Biden’s successor’s murky future

The White House continues to look for a way out of the presidential administration’s hardware crisis


Biden’s approval ratings are at their lowest, Democrats in Congress are already queuing up to get out, fearful of the results of the 2022 election, and the prospects for the next presidential race are still unclear.

The cabinet reshuffle in the Harris team continues amid a split in the presidential tandem. The victims of the Biden-Harris wedge have already included the vice president’s cabinet communications director and the White House communications director for the entire White House. And now they have been joined by the Vice President’s top adviser, Simone Sanders, who has worked closely with Harris for three years.

It is unlikely that anything will change for the better in Harris’ office with its “toxic” atmosphere of mistrust and negligence. This cannot fail to please another participant in the “war of the towers”, Transport Minister Buttigieg, who is now being touted as Biden’s alternative successor.

Meanwhile, more and more White House staffers are bluntly accusing Buttigieg of disrespecting minorities – for daring to hope to get into the Oval Office bypassing a black woman. Biden, who, according to the left wing of his administration, is both framing Harris and tellingly refusing to defend her against criticism from the American public.

Biden himself is keeping up the suspense by hinting that he may himself be nominated in 2024 – although he will be 82 by then. At the same time, the Bidenists cleverly plant rumors in the media that Harris may be bailed out by the Supreme Court – thus effectively getting rid of her.
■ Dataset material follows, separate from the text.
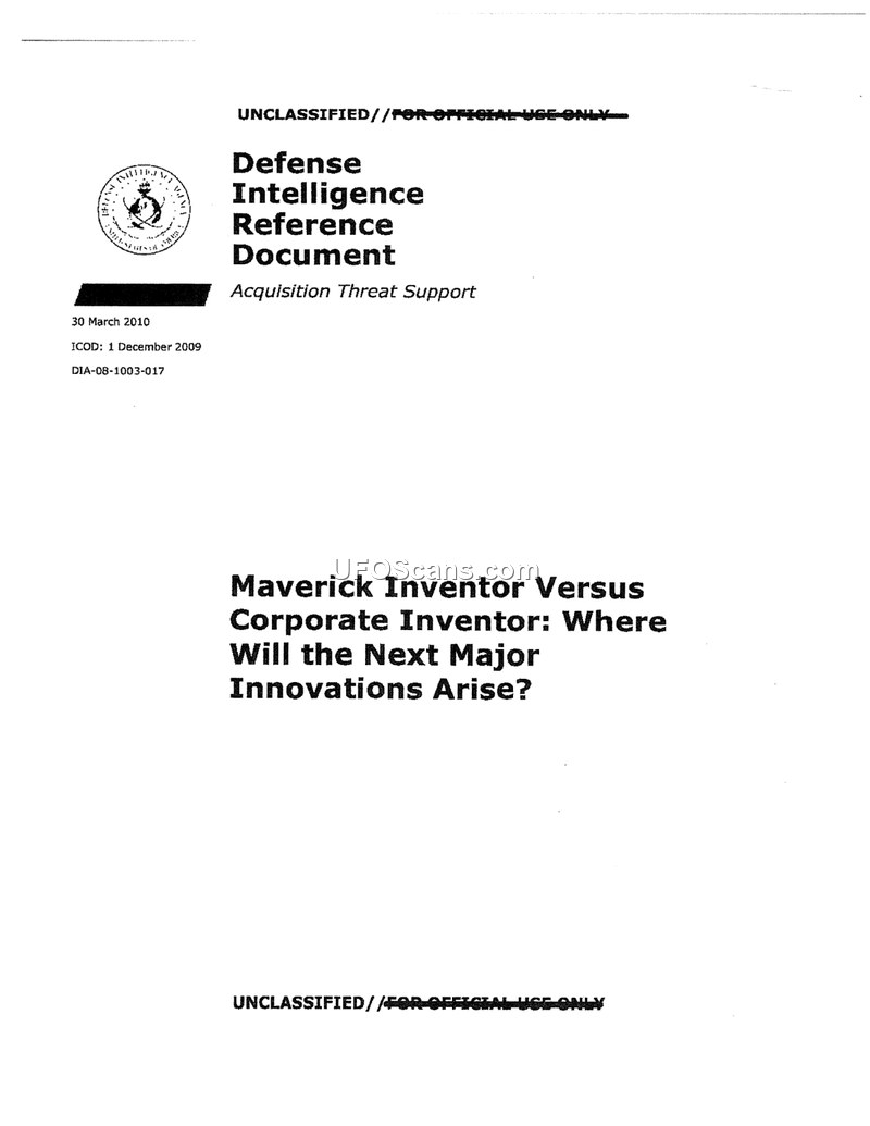 This Defense Intelligence Reference Document, produced in March 2010 for the Advanced Aerospace Weapon System Applications (AAWSA) program, provides an analytical framework for evaluating the potential for technological innovation from different types of inventors. The document distinguishes between the 'maverick inventor'—typically an independent individual or small group—and the 'corporate inventor,' who operates within large, well-funded organizations such as government laboratories, universities, or private think tanks. The author categorizes maverick inventors into five distinct types based on their level of formal training, financial resources, and group size. Types 1 and 2 are characterized as having little to no formal training and often pursue speculative, 'free-energy' or 'antigravity' concepts, frequently failing due to a lack of scientific rigor, poor measurement techniques, and reliance on non-peer-reviewed media. Types 3 and 4 are identified as having higher levels of education and a more realistic, staged approach to experimentation, making them more likely to produce viable scientific advancements. Type 5 inventors represent a hybrid, operating in small groups within larger organizational structures. The document compares these groups across several metrics, including motivation, realism, bureaucracy, and lab skills. It concludes that while corporate environments provide access to resources and business acumen, they are often stifled by internal bureaucracy and 'Not Invented Here' syndrome. Conversely, the maverick inventor is often unconstrained but lacks the necessary infrastructure for complex, high-cost research. The assessment ultimately suggests that Types 3 and 4 inventors represent the best candidates for future breakthroughs in energy and propulsion, provided they are monitored and supported with appropriate financial and technical incentives. The document emphasizes that the complexity of modern aerospace and propulsion research has shifted the burden of innovation away from the lone, untrained inventor toward those with the capacity to conduct rigorous, systematic research.

It seems like a good scenario: with the current rating of 28% Harris is not likely to win the elections of 2024. Even among Democrats, only 13% are willing to support her in the primaries. And on the Supreme Court, she could replace one of the older Democrats – say, the 83-year-old Stephen Breyer.

However, here too, a curiosity could happen: then Harris would become the first Supreme Court justice in US history to fail a legal exam. However, that hasn’t stopped her from already working as a prosecutor in San Francisco and then all of California. But it also explains episodes from her past – for example, when she kept people in jail for years while hiding evidence of their innocence from the court.

One thing is clear: All these backroom games risk making the Democratic Party even more vulnerable in the upcoming congressional elections: Democrats are already resigning en masse, without waiting for Election Day or the outcome of the “war of the towers” in the White House.